Start of Material to process

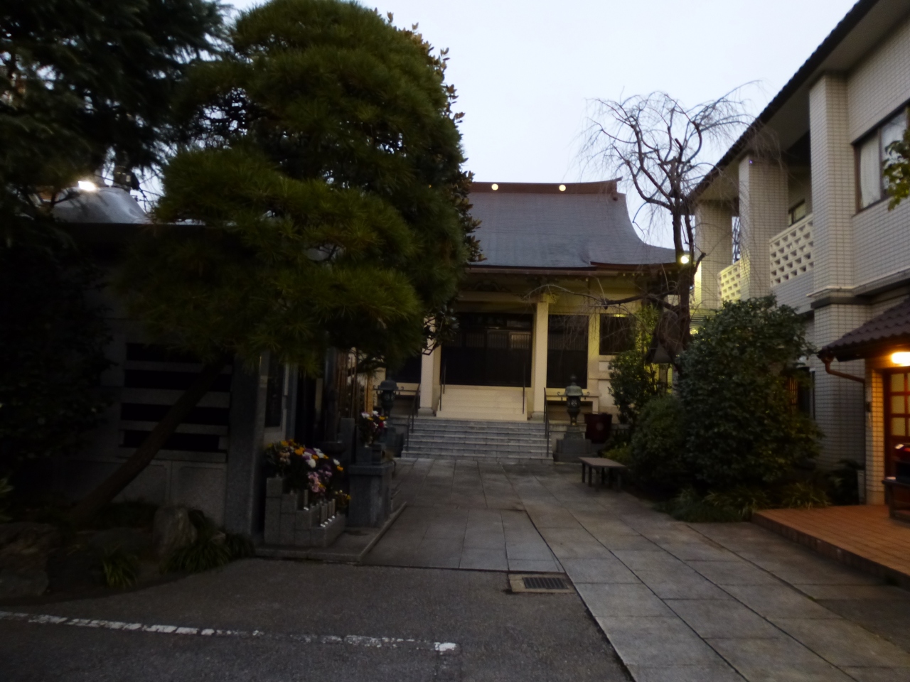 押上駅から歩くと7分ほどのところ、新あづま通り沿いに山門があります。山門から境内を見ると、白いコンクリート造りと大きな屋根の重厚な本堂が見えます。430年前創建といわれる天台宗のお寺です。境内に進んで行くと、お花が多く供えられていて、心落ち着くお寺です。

End of Material to process
Start of Material to process

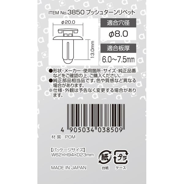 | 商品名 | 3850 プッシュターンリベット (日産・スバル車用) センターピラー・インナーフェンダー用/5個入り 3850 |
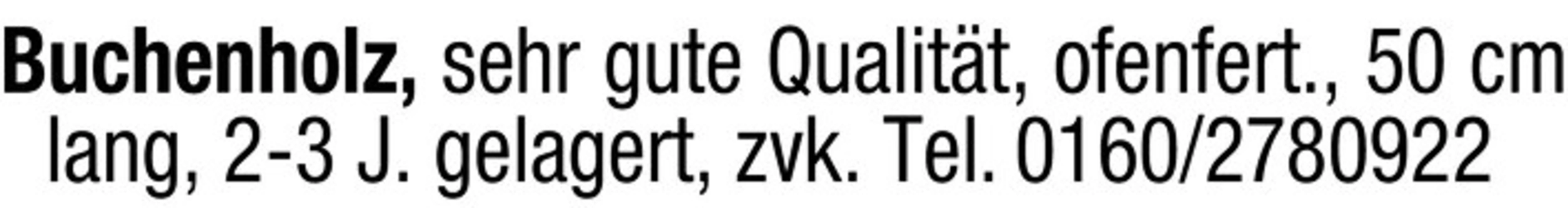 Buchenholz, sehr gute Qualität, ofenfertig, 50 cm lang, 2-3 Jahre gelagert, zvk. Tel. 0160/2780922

End of Material to process

» Work request:
In the records above, find the line with "センターピラー・インナーフェンダー用/5個入り 3850 |" and the line with "Buchenholz, sehr gute"; please transcribe exactly those two lines and all lines between them, omitting any picture.

» Result for this exercise:
 | 商品名 | 3850 プッシュターンリベット (日産・スバル車用) センターピラー・インナーフェンダー用/5個入り 3850 |
 Buchenholz, sehr gute Qualität, ofenfertig, 50 cm lang, 2-3 Jahre gelagert, zvk. Tel. 0160/2780922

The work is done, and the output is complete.